Integrative Movement
Integrative Movement sessions focuses on your individual needs and creates growth in awareness and understanding about your body mechanics. The work is in conditioning, re-patterning and integration.
KiaOra teaches her clients to understand their body and patterns so that they can take what they learn and apply that support to all their movement classes and daily life. Her work room is equipped to catalyze the client on their path to greater wellness, ease and enjoyment overall.
In every movement session KiaOra works with three main elements: breath, fascia, and alignment. She offers different types of movement sessions: yoga, Pilates, and hands on massage for realignment.

Learning to breathe is by far the most essential ingredient to healing and embodiment
The two diaphragms at the lungs and pelvis expand on the inhale and contract on the exhale, creating support for your physical and emotional bodies by assisting in healthy posture and a relaxed nervous system.
A lot of people don’t let their pelvic floor move with their breath which creates a lack of support.

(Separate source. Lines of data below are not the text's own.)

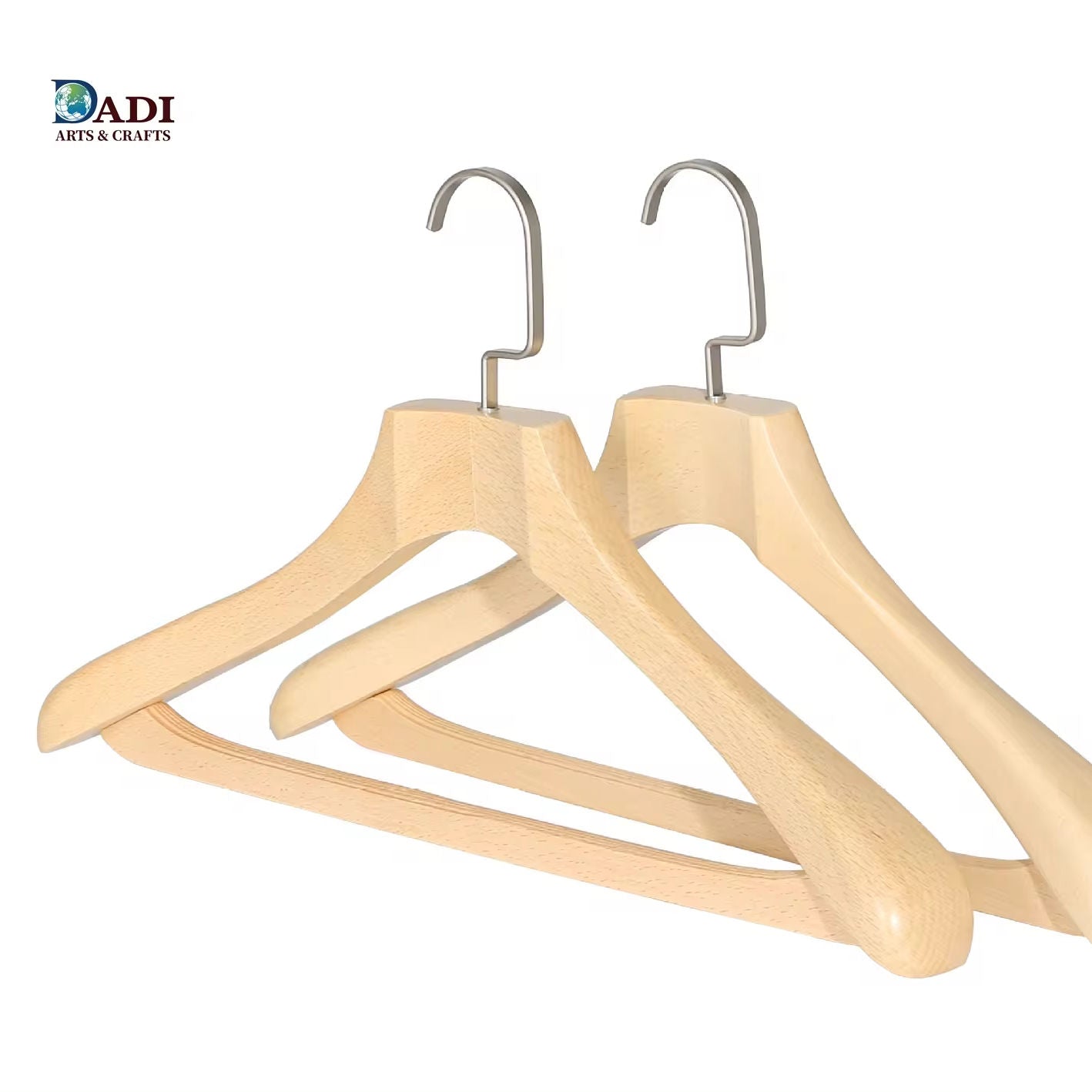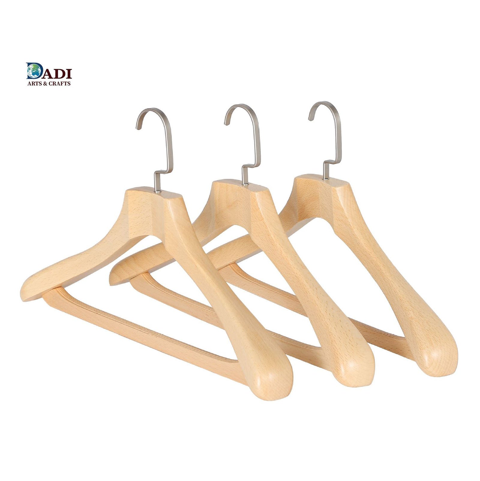 Solid Wooden Suit Hanger With Non-slip Trouser Bar Natural Color
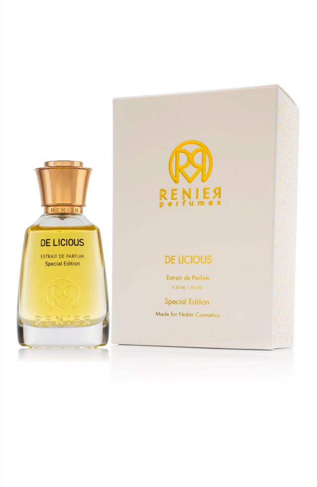 De Licious podle Renier Perfumes je Orientální Woody vůně pro ženy a muže. De Licious byl/a uveden/a v roce 2021. "Nosem" za touto vůní je Christian Carbonnel. Vrchní tóny jsou Hořká čokoláda, Pomeranč, Anýz, Labdanum a Yuzu; střední tóny jsouKastoreum, Cibetka, Med, Pačuli a Sušené ovoce ; základní tóny jsou Dřevité tóny, Jantar (ambra), Pižmo a Santalové dřevo.
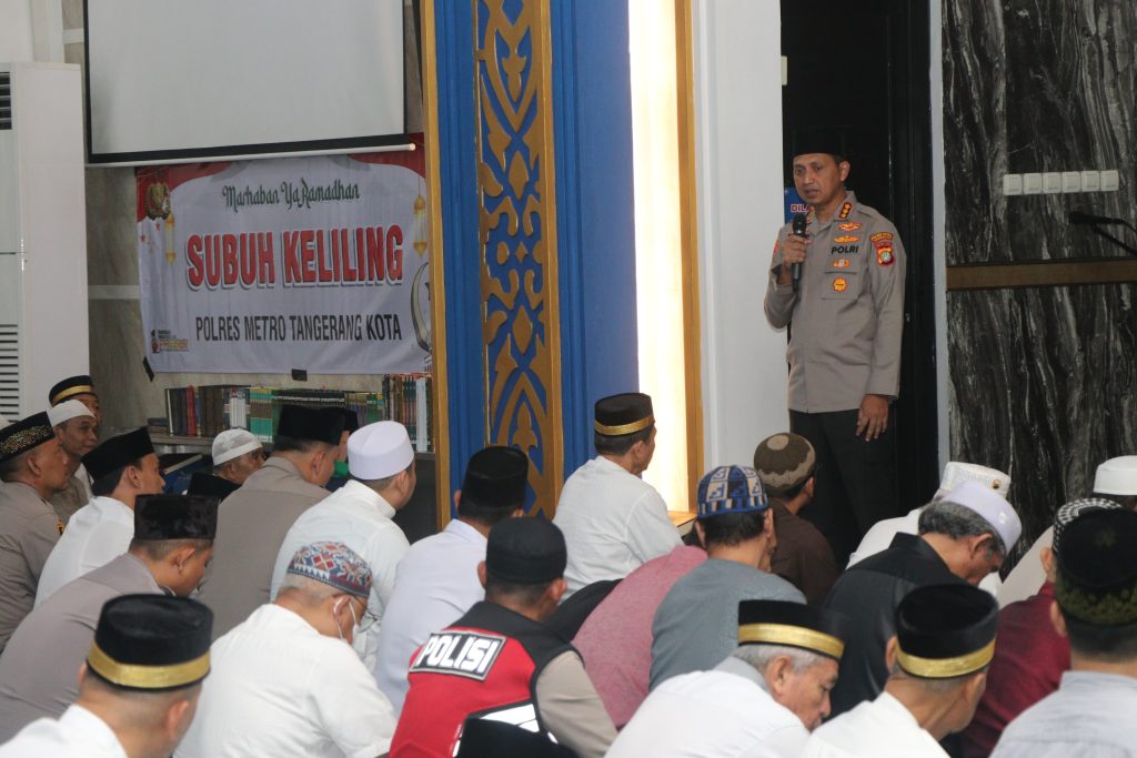 beritalennus.co.id TANGERANG KOTA — Kapolres Metro Tangerang Kota, Kombes Pol Zain Dwi Nugroho melaksanakan safari Ramadhan 1446 Hijriah/2025 Masehi melalui kegiatan Subuh Keliling (Suling) di Masjid Rahmatan Lil’Alamin di Perumahan Modern Land Jalan Taman Golf Boulevard Raya, Kelurahan Buaran Indah, Kecamatan Tangerang. Senin, (10/3/2025).
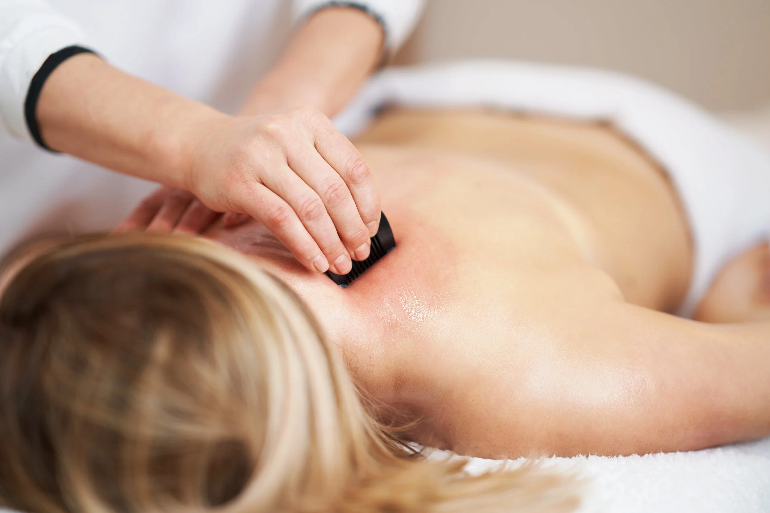 What it is: Repeated, lubricated scraping of the skin with a smooth tool to mobilize superficial tissue and relieve tightness.
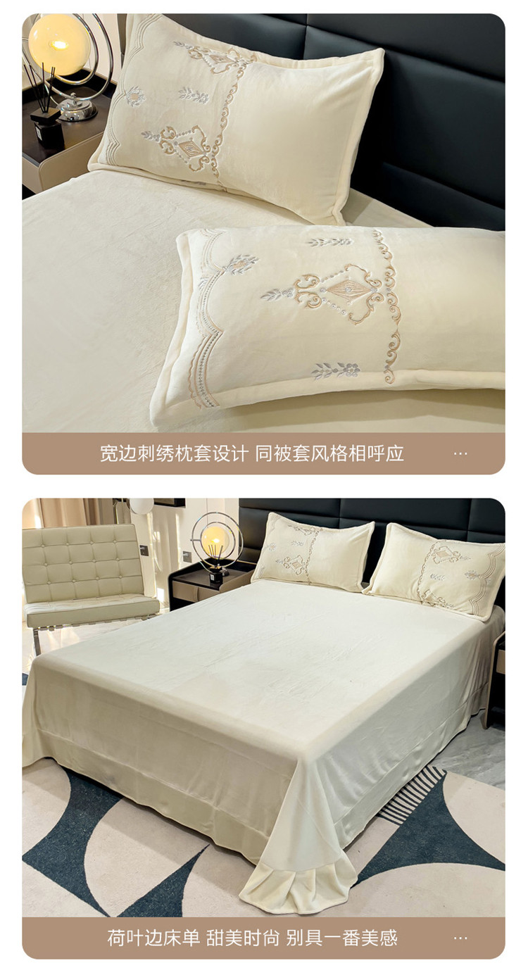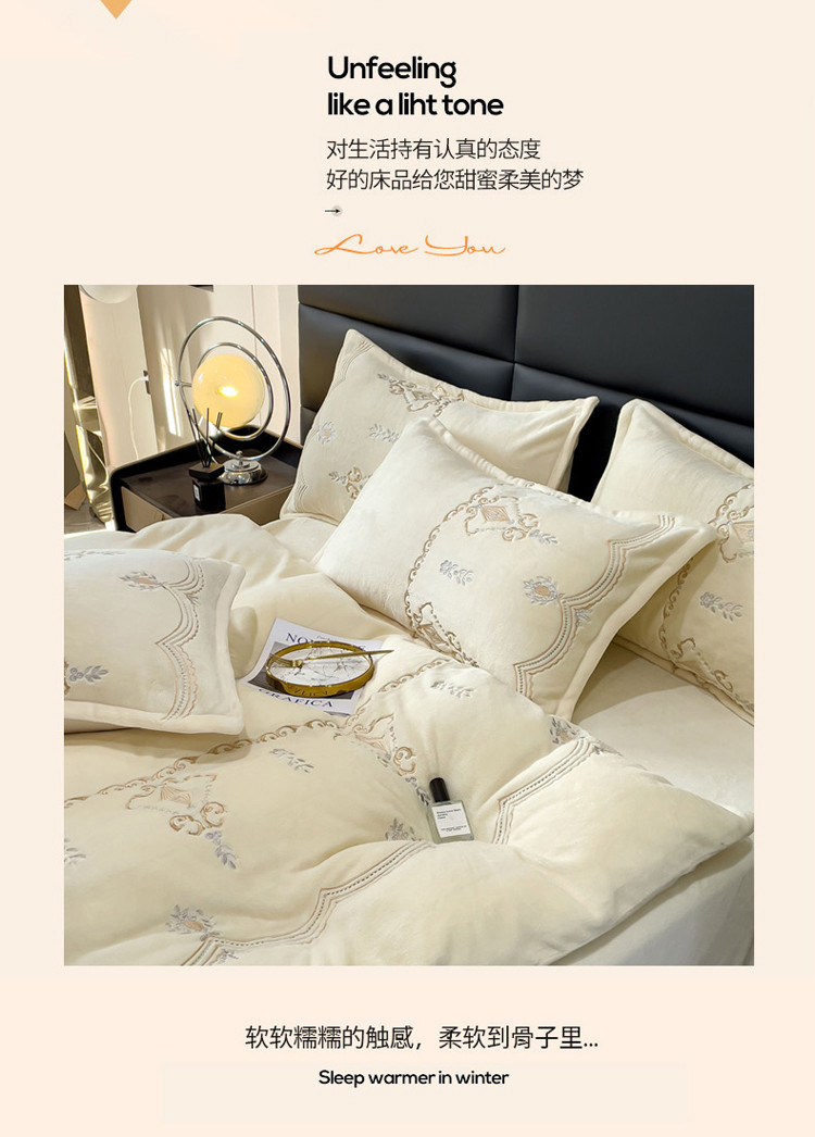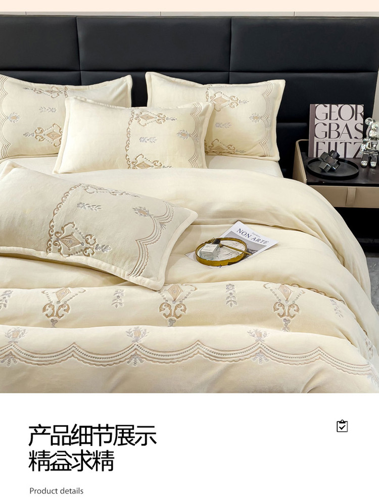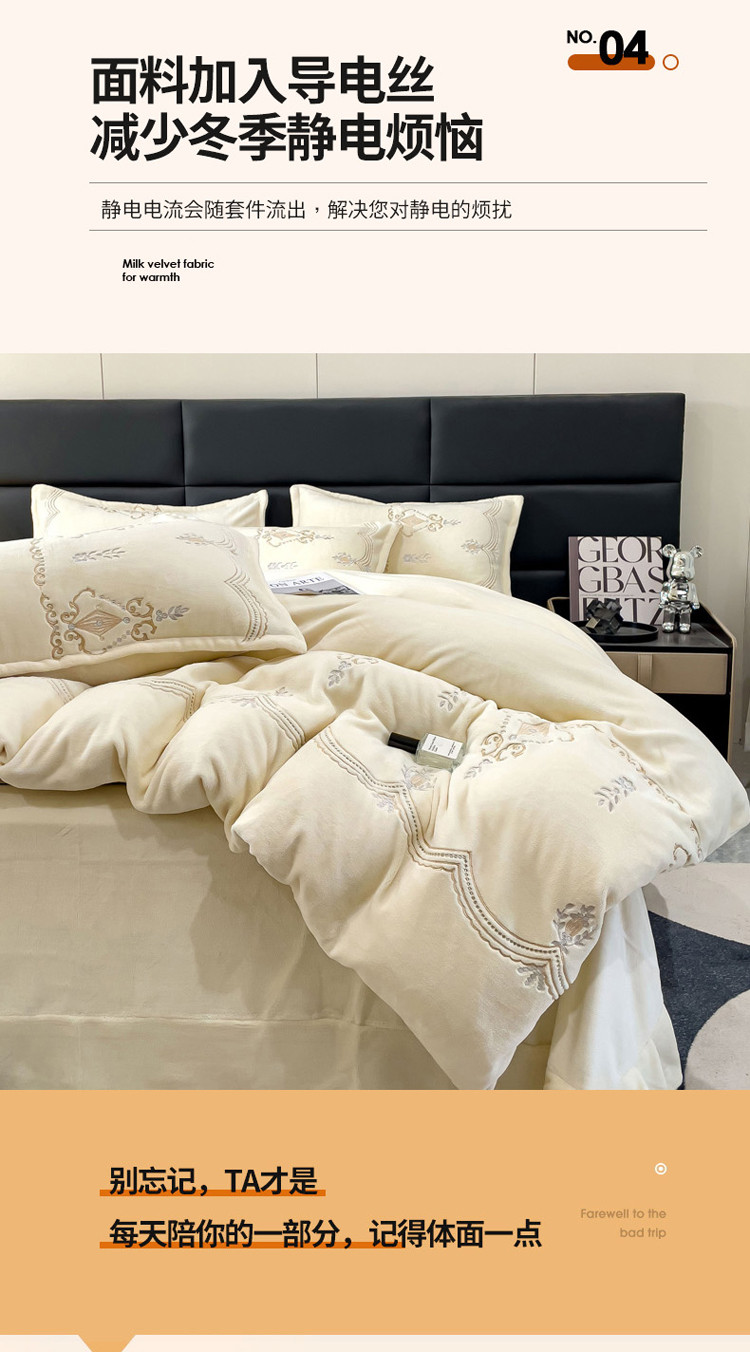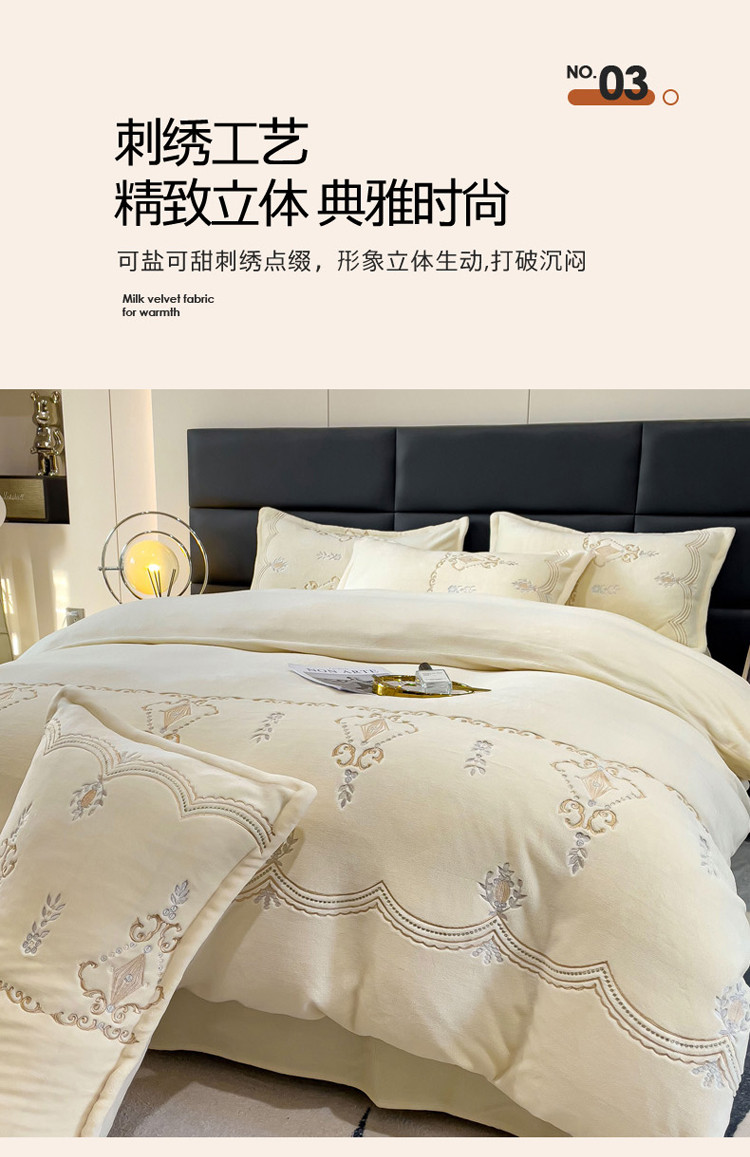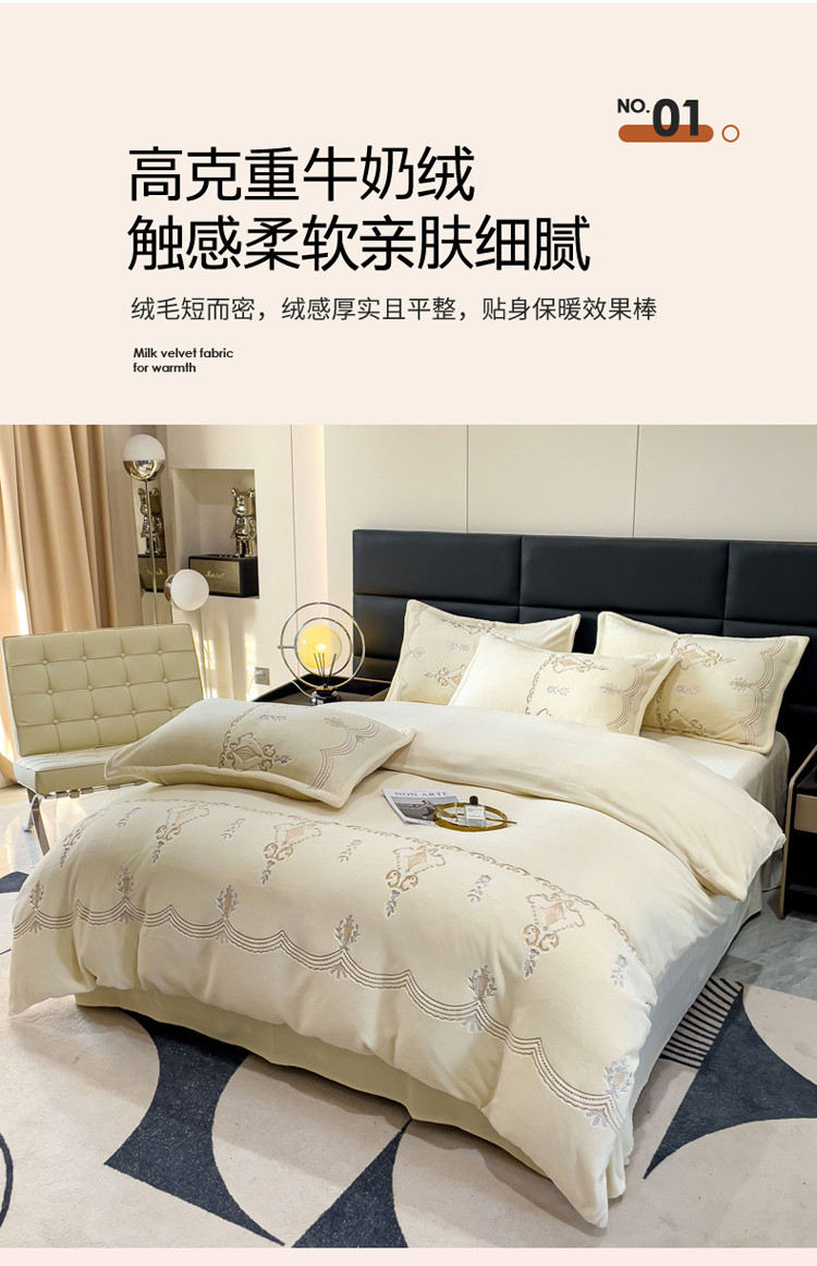 (总)星尚家纺 2024全消光A类230g牛奶绒绣花保暖绒四件套-豹纹,卡其色,奶昔白,时尚灰,芝芝粉

This can cause the nervous system to stay in fear responses.
Shallow breathing can come from using the diaphragm of the lungs as a postural muscle, creating limitation in expansion and/or contraction.
In every movement session we use our proper breath awareness to help access functional movement.
-breath-
-fascia-
Fascia is a thin casing of connective tissue that surrounds and holds every organ, blood vessel, bone, nerve fiber and muscle in place.
Healthy fascia is mobile and can change shape
Unhealthy fascia is stuck, holding, and tight which can cause nerve pain
If you’re stretching and have nerve pain after, chances are you need more fascial stretching or flossing
If one part gets tight whether from stress or scar tissue then it pulls on all the rest of the fascia just like grabbing a part of a t-shirt would pull on the whole t-shirt
It holds the emotional memory and is directly connected to the nervous system
When we have a traumatic event, big or small, our bodies physically react. and create twists, tension, tightness, pressure. If we don’t properly process the event, the fascia will store that memory and create a holding pattern in the musculature. This pulls your body out of alignment.
To help our fascia learn how to change shape, we use repetitive resistance stretching and flossing techniques
We work with the fascia first so when we begin our stretch and strength practices the muscles are more responsive and the results are longer lasting, often leaving you feeling like you just had a massage.
-alignment-
When we are out of alignment, pain always happens whether it be immediate or over time.
The body is made of bones and like puzzle pieces, they fit together. Muscles move our bones and are able to move in many directions but will not create proper alignment on their own. Learning how your bones move and fit together is what creates easy and functional movement.